The two leaders together with the Sovereign Council will spearhead the country’s transition process that is expected to last about 3 years.
The new leadership will run the country until elections are held. Sudan has seen months of turbulence that led to death of dozens of protesters who were demanding change in leadership.
The crisis in Sudan began last year in December sparked by increasing cost of living and they later led to the ousting of the government of Omar al-Bashir who had been in power for 30 years.
Since the downfall of Bashir’s government in April, both the military and the civilian represents were locked in negotiations of forming a transitional council until 4 August when both parties signed a constitutional declaration, paving way for the formation of a transitional government.
Mr. Hamdok represents the civilians and was sworn in as a transitional prime minister after serving as a respected senior economist in Ethiopia for the UN from 2011 until last year when he stepped down.
Earlier on Wednesday, General Abdul Fattah al-Burhan was sworn in as the chairman of the 11-member Sovereign Council including 5 civilian and 5 military nominees and 1 agreed by consensus.
New prime minister Hamdok will form a 20-member cabinet within 3 weeks which will exclude the interior and defence ministers as the pair will be appointed by the soldiers on the Sovereign Council.
Mr. Hamdok had been nominated by Mr. Bashir for the job of finance minister, but he turned it down according to AFP news agency reports.
The swearing in of prime minister Hamdok and the Sovereign Council yesterday marked the first time Sudan is not under military rule in 30 years since the coup in 1989 that brought Mr. Bashir into power.
“With the right vision, with the right policies, we will be able to address this economic crisis,” said Mr. Hamdok after swearing in.
The Sovereign Council replaces the Transitional Military Council (TMC) that has been in charge of the country since April when Mr. Bashir was forced out of office following months of massive protests against his rule.
The Council will lead the country for 21 months then a civilian leader will take over for the next 18 months that will usher the country into election. It will also oversee the formation of a government and a legislative body of 300 members.
Since December last year when the protests began, at least 250 people have been killed.

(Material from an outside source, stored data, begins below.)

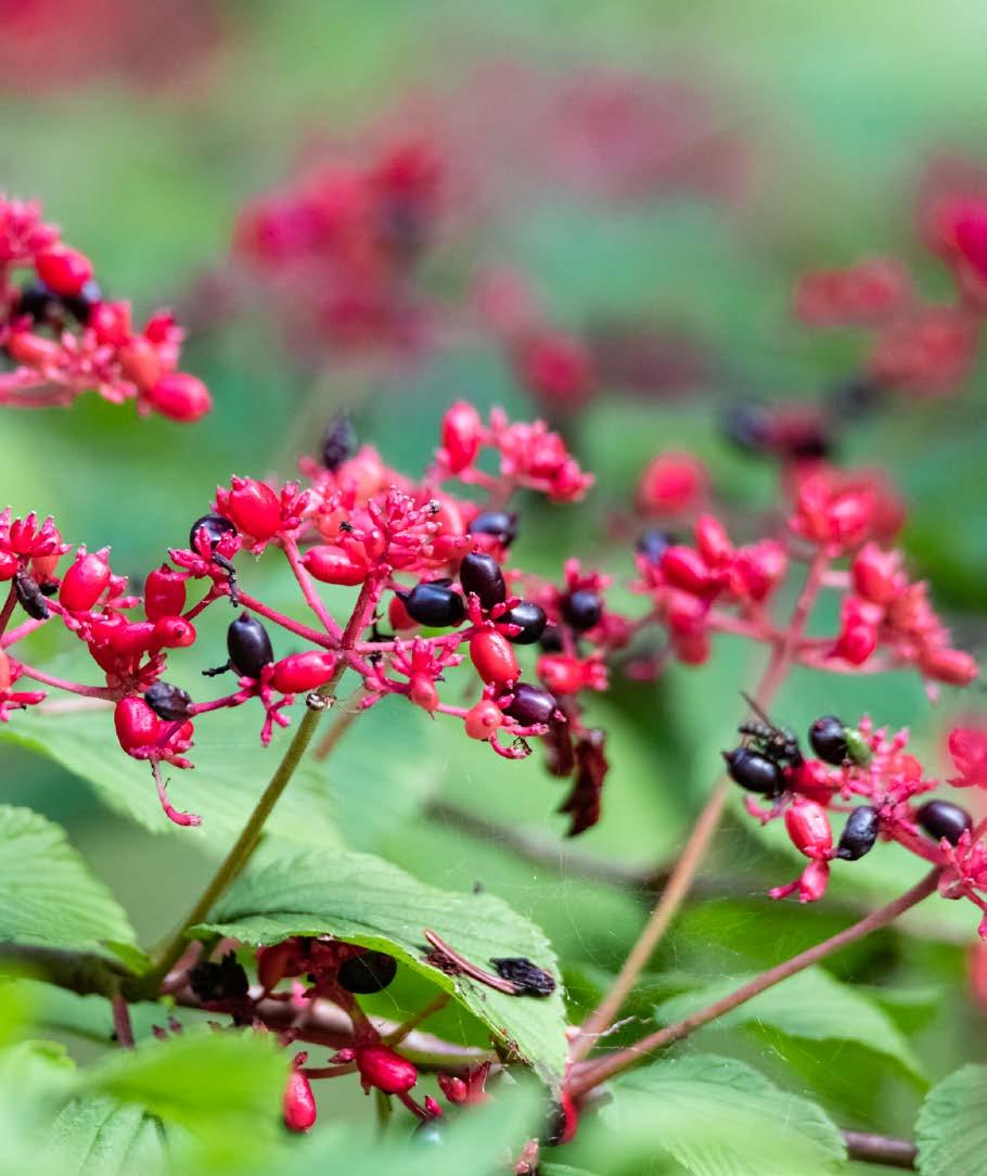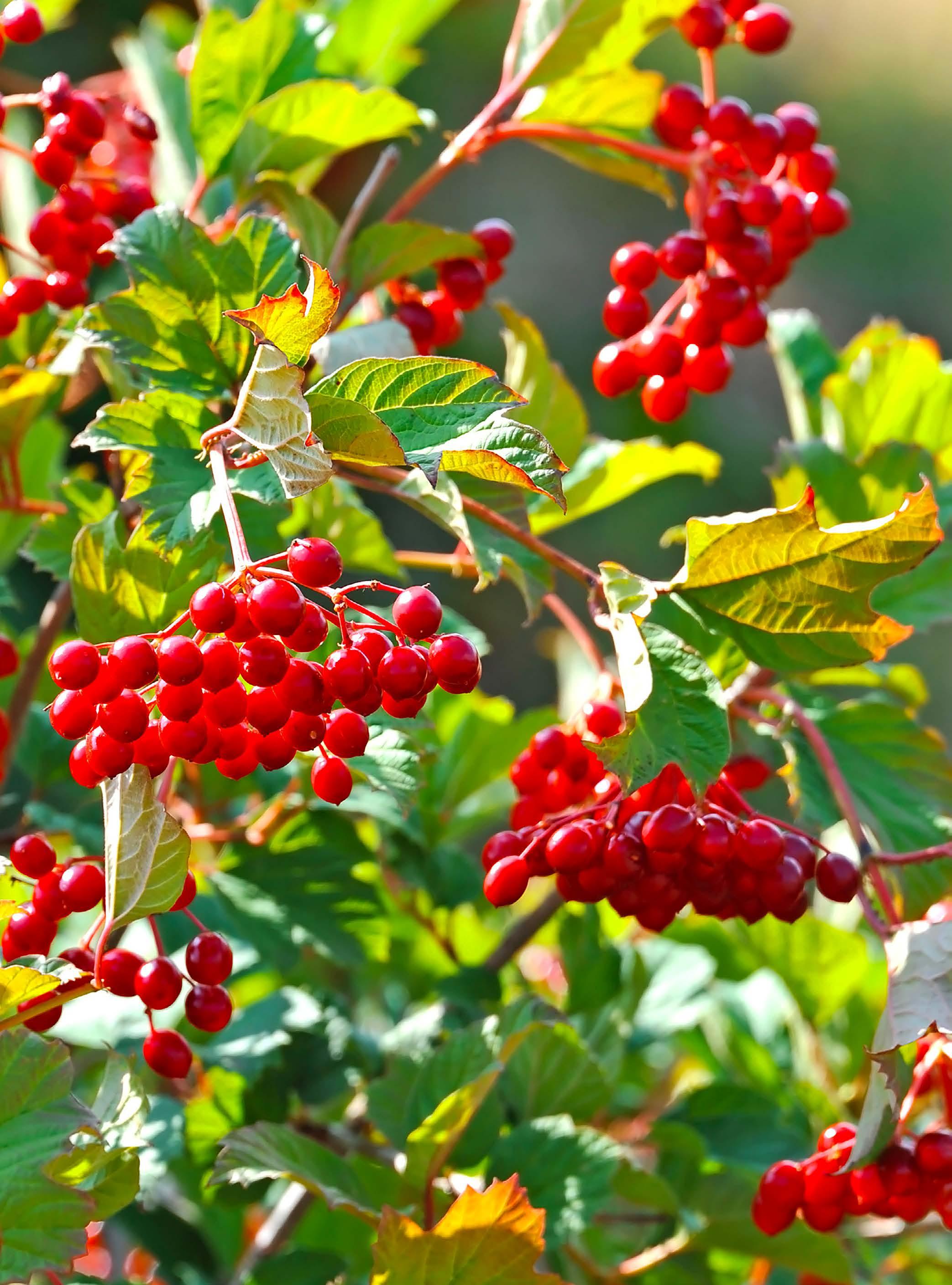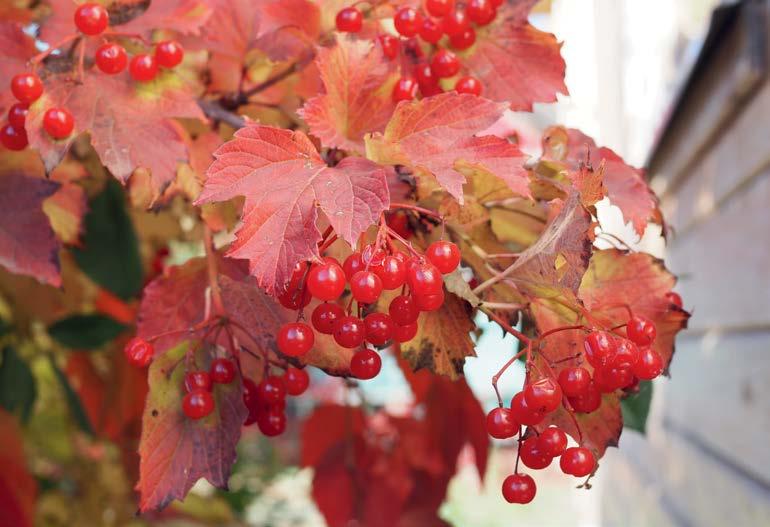 70 Herbstspektakel Viburnum bietet uns ein farbiges Herbstspektakel.
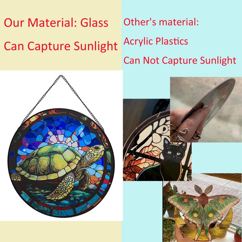 - 【Premium Material】Window hanging is made with high-end stained glass,unique handmade decoration,the turtle pattern is exquisite and beautiful,it is a unique presence in the ornament.
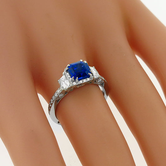 Tacori 1.83ct Asscher Cut Sapphire Trapezoid Cut Diamond Engagement Ring
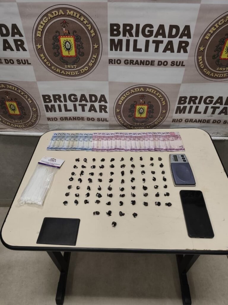 Ainda conforme a Brigada Militar, também foram apreendidos R$ 103 em dinheiro trocado e um pacote de abraçadeiras plásticas. O suspeito, que possui antecedentes por tráfico de drogas, foi preso em flagrante e encaminhado à delegacia para o registro da ocorrência.
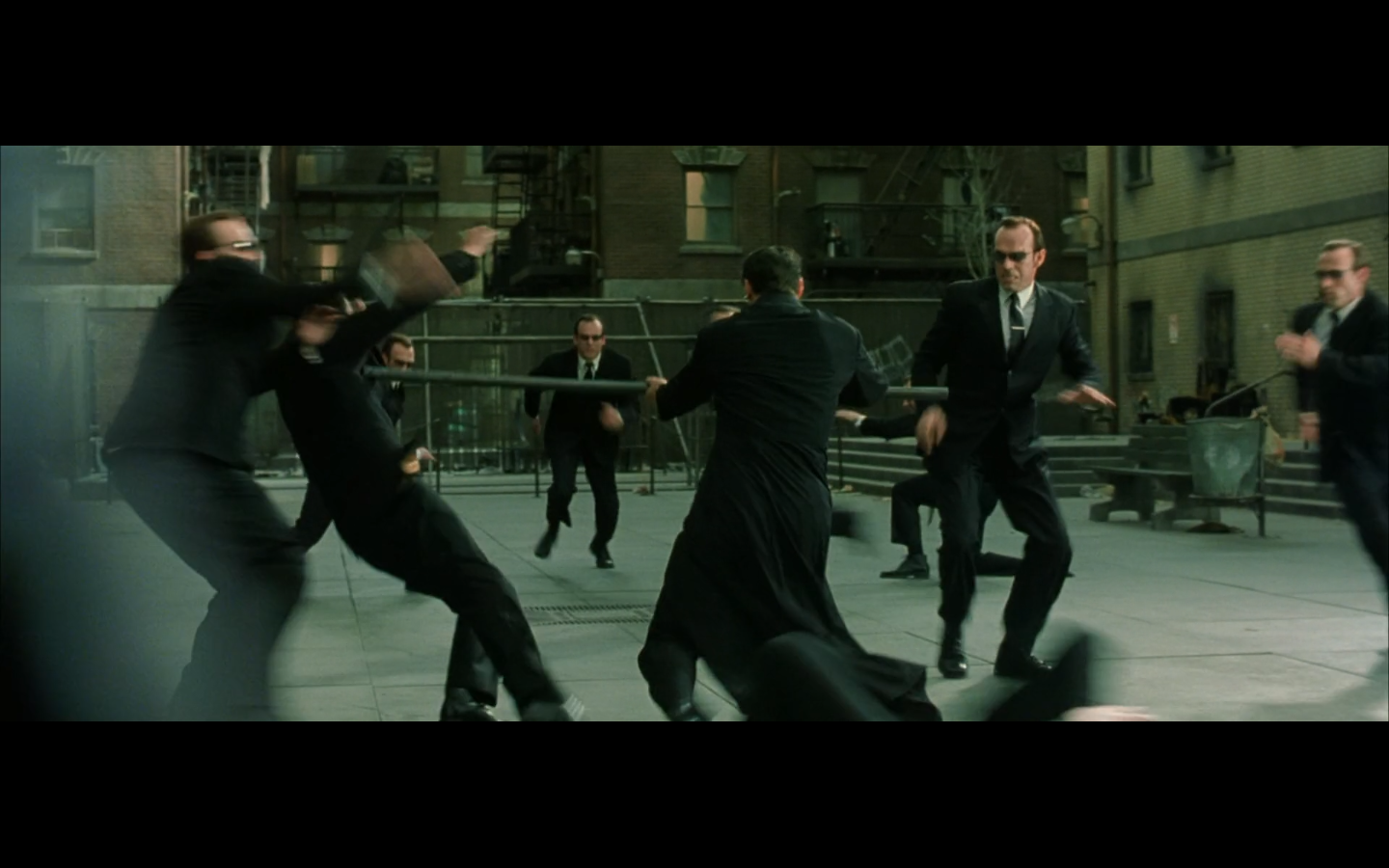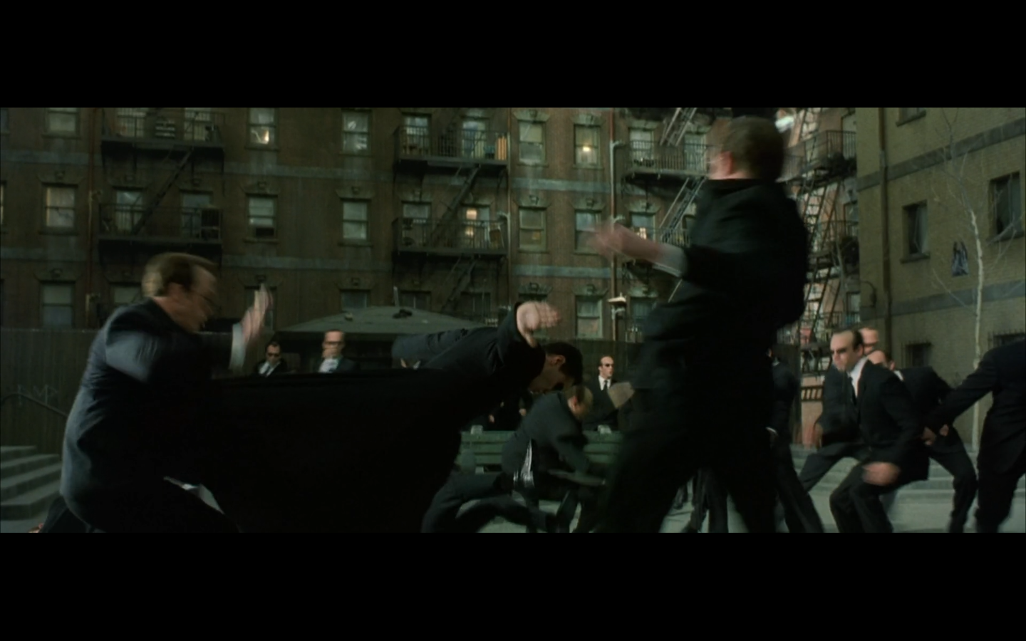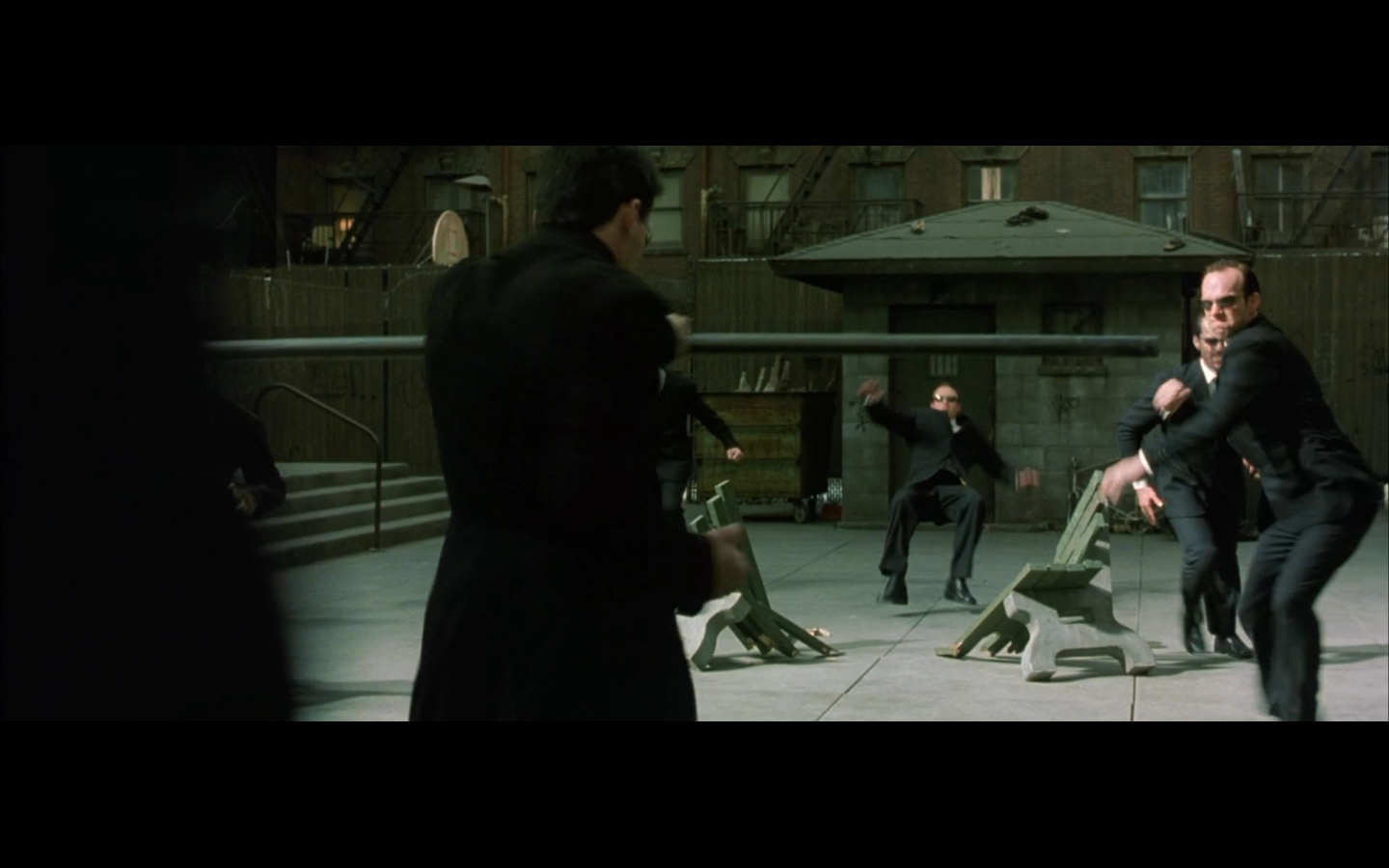 Smith works better as a malevolent presence who can show up anywhere, and then when he gets inside the real world, there’s suspense. Now, he’s just hanging around in the real world, not doing anything, not gleaming information, not even getting more Smiths inside. The Wachowskis have this thing where they come up with good ideas and then have trouble finding the best way to put forth those ideas.
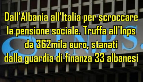 10 ottobre -Â (repubblica) Dall'Albania all'Italia per scroccare la pensione sociale. Truffa all'Inps da 362mila euro, stanati dalla guardia di finanza 33 albanesi che dichiaravano di risiedere in Italia per accaparrarsi qualche centinaia di euro al mese alle spalle dello stato italiano. I requisiti per ottenere quello che comunemente viene definito
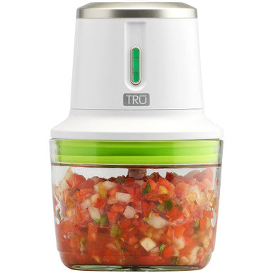 Cordless technology for on-the-go convenience. The TRU Cordless Rechargeable 2 Speed Chopper will quickly become a favorite food prep appliance. No more hovering around an electrical outlet while creating in the kitchen or out and about. Gain the freedom to move without the tangle and restriction of an electrical cord. Powered by a 7.4 volt lithium-ion battery, this cordless chopper packs as much power as its corded counterparts and features long lasting run times. The 3½ cup (28 oz) durable glass bowl is BPA-free and dishwasher safe. Designed to tackle any food prep task, the multi-plane stainless steel blade is ideal to mince, dice, chop, blend and puree fresh ingredients. The power bar indicates the remaining battery level. A single charge can operate for up to 30 minutes. When it's time to recharge, attach the included charging cord and return to full battery power in under 4 hours.
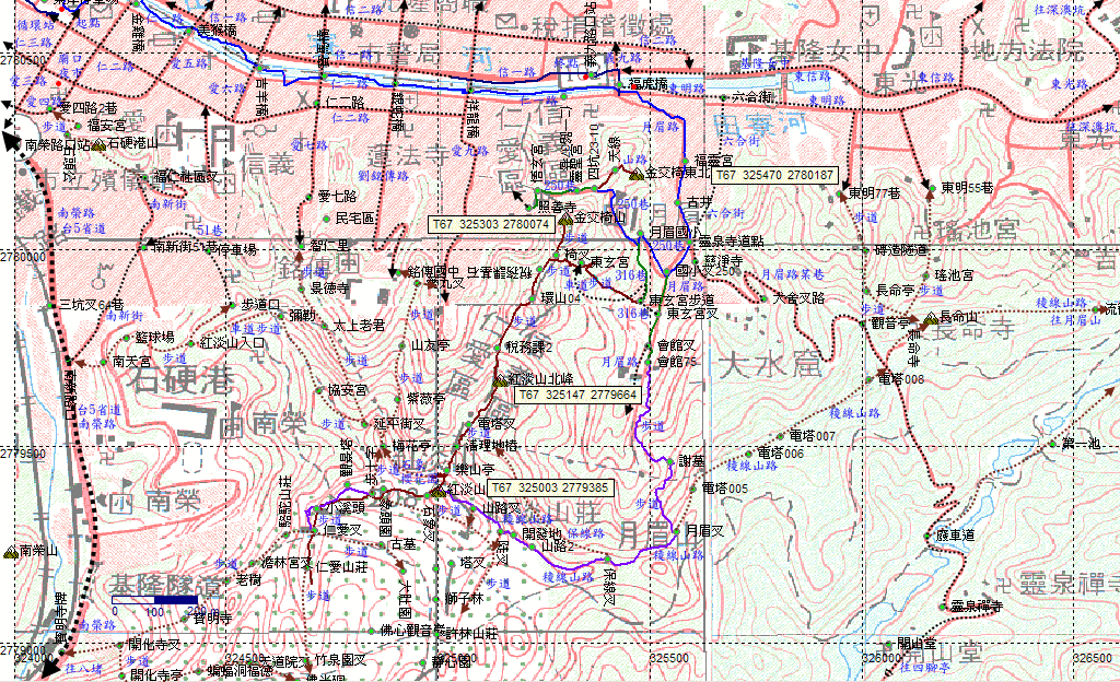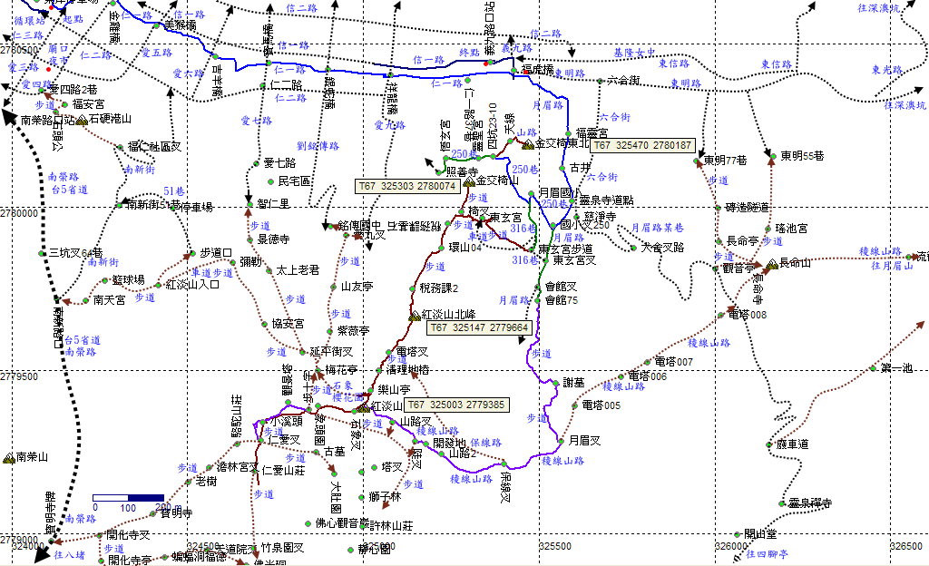 東玄宮,續行從廟左的步道上山。往紅淡山、金交椅山。H72m |

All eyes will now be on the new leadership even during this transition period to see how they are going to tackle the key issues that plunged the country into this crisis including the economic crisis and the political instability around the country.
However, what has been achieved so far and the long transition period are seen as victory for the protesters and all the pro-democracy stakeholders. Demonstrators admit that it would take time to dismantle Mr. Bashir’s political network which they believe was deeply entrenched. They say that If they achieve this, it will open the way for free and fair elections.